Exercise prompt: Exclude images, then output the remaining data verbatim.

Supplied data:

-=-=-=-=-

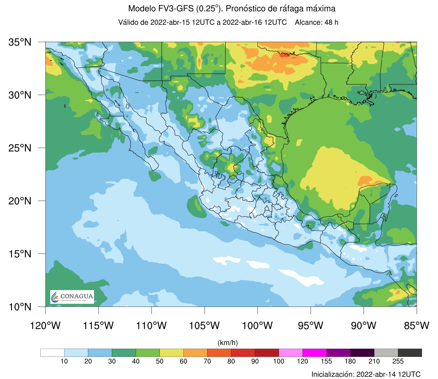 Golfo de México: Cielo medio nublado por la mañana y nublado durante la tarde; chubascos, descargas eléctricas y posible caída de granizo en Veracruz, así como lluvias aisladas en Tamaulipas. Sin lluvia en Tabasco. Ambiente fresco al amanecer con bancos de niebla en zonas serranas de la región y caluroso a muy caluroso por la tarde. Viento de componente este de 20 a 35 km/h; rachas de 50 a 60 km/h en Tamaulipas y rachas de hasta 50 km/h en el norte de Veracruz.
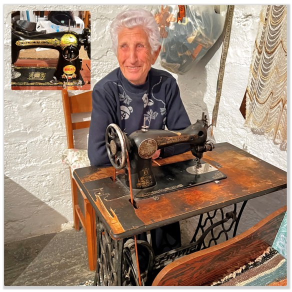 Seeing the hardships endured by village women, Georgia’s father encouraged her to make a better life. With his blessing and support, Georgia studied dressmaking in Sparta and became an outstanding seamstress. She made clothing for men, women and children. She also constructed clothing and vestments for priests, which are both ornate and meticulously embroidered. Georgia’s love of sewing has not subsided, and she took great joy in showing us her two sewing machines.
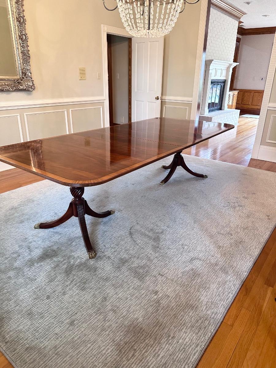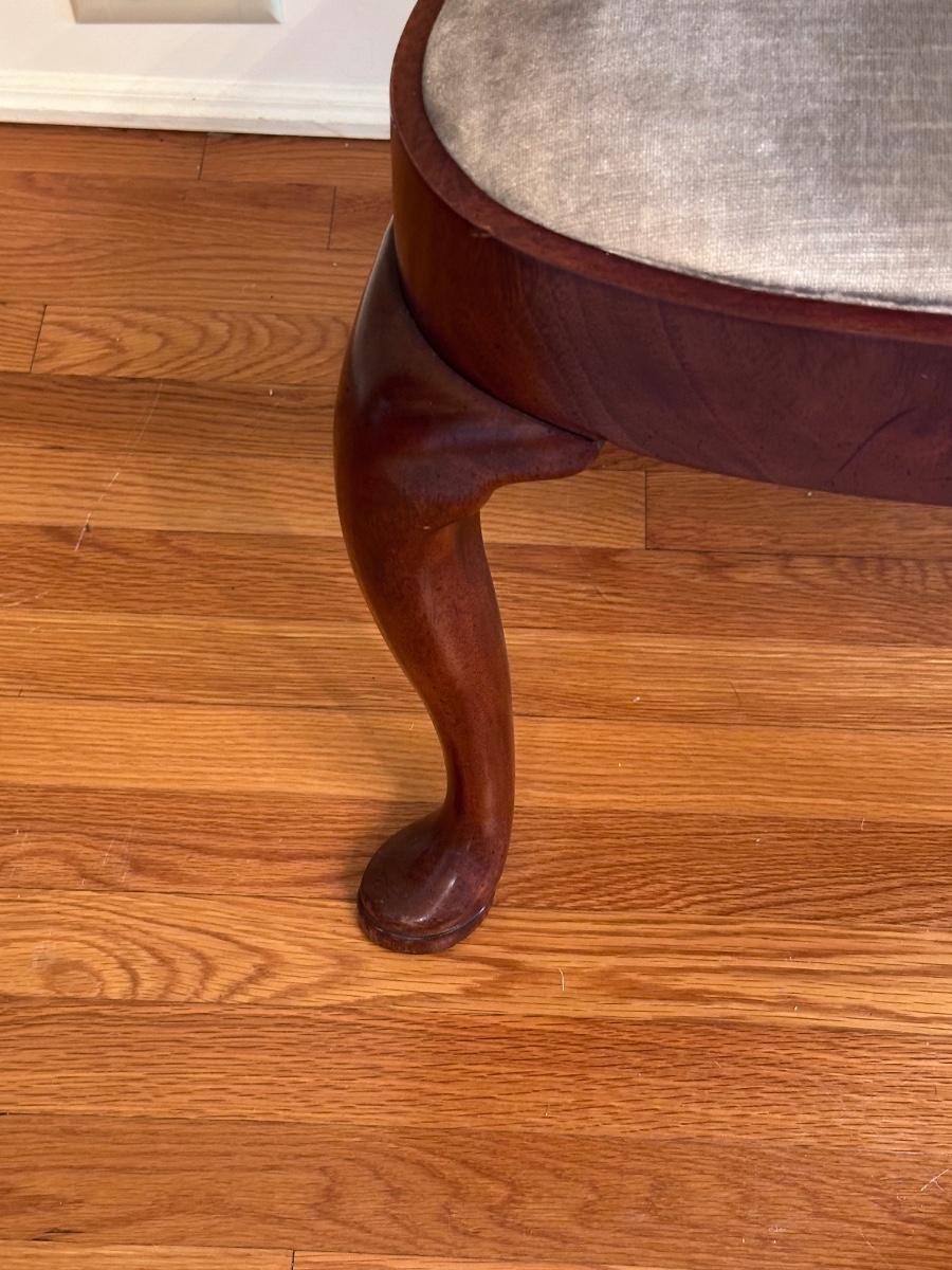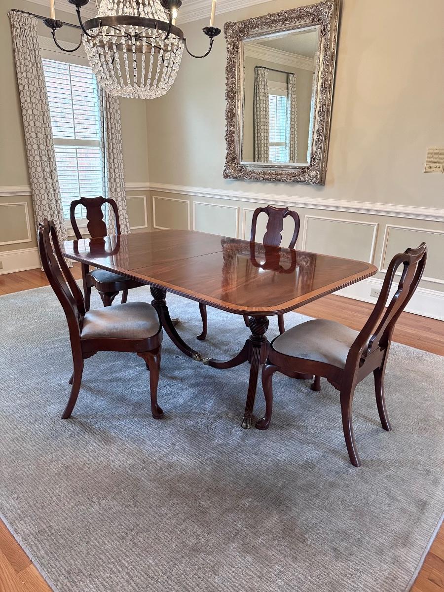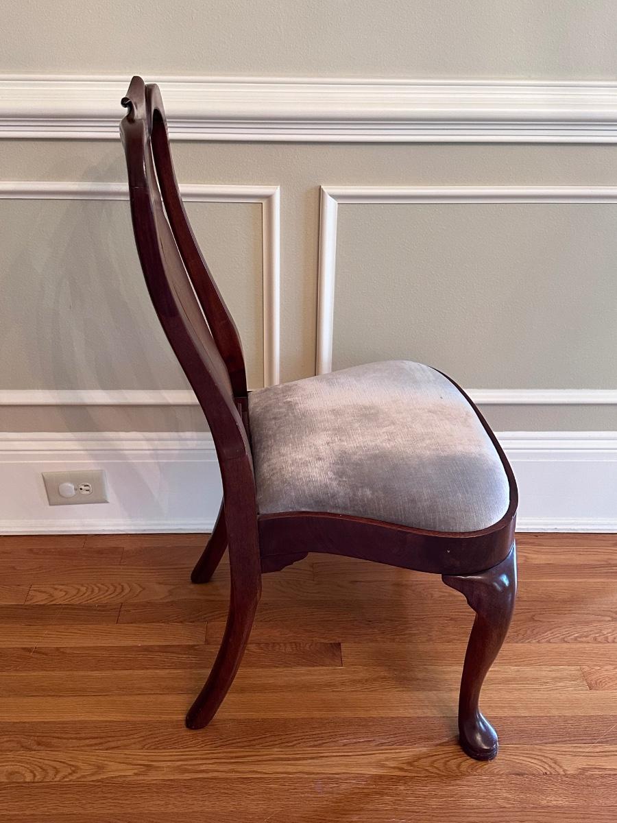 Comes with 4 Queen Anne Mahogany Chairs have extra wide seats with a very light sage fabric ~ Upholstered Chairs not included, but can be purchased separately ~ Rug is sold separately.

-=-=-=-=-

Your response:
 Golfo de México: Cielo medio nublado por la mañana y nublado durante la tarde; chubascos, descargas eléctricas y posible caída de granizo en Veracruz, así como lluvias aisladas en Tamaulipas. Sin lluvia en Tabasco. Ambiente fresco al amanecer con bancos de niebla en zonas serranas de la región y caluroso a muy caluroso por la tarde. Viento de componente este de 20 a 35 km/h; rachas de 50 a 60 km/h en Tamaulipas y rachas de hasta 50 km/h en el norte de Veracruz.
 Seeing the hardships endured by village women, Georgia’s father encouraged her to make a better life. With his blessing and support, Georgia studied dressmaking in Sparta and became an outstanding seamstress. She made clothing for men, women and children. She also constructed clothing and vestments for priests, which are both ornate and meticulously embroidered. Georgia’s love of sewing has not subsided, and she took great joy in showing us her two sewing machines.
 Comes with 4 Queen Anne Mahogany Chairs have extra wide seats with a very light sage fabric ~ Upholstered Chairs not included, but can be purchased separately ~ Rug is sold separately.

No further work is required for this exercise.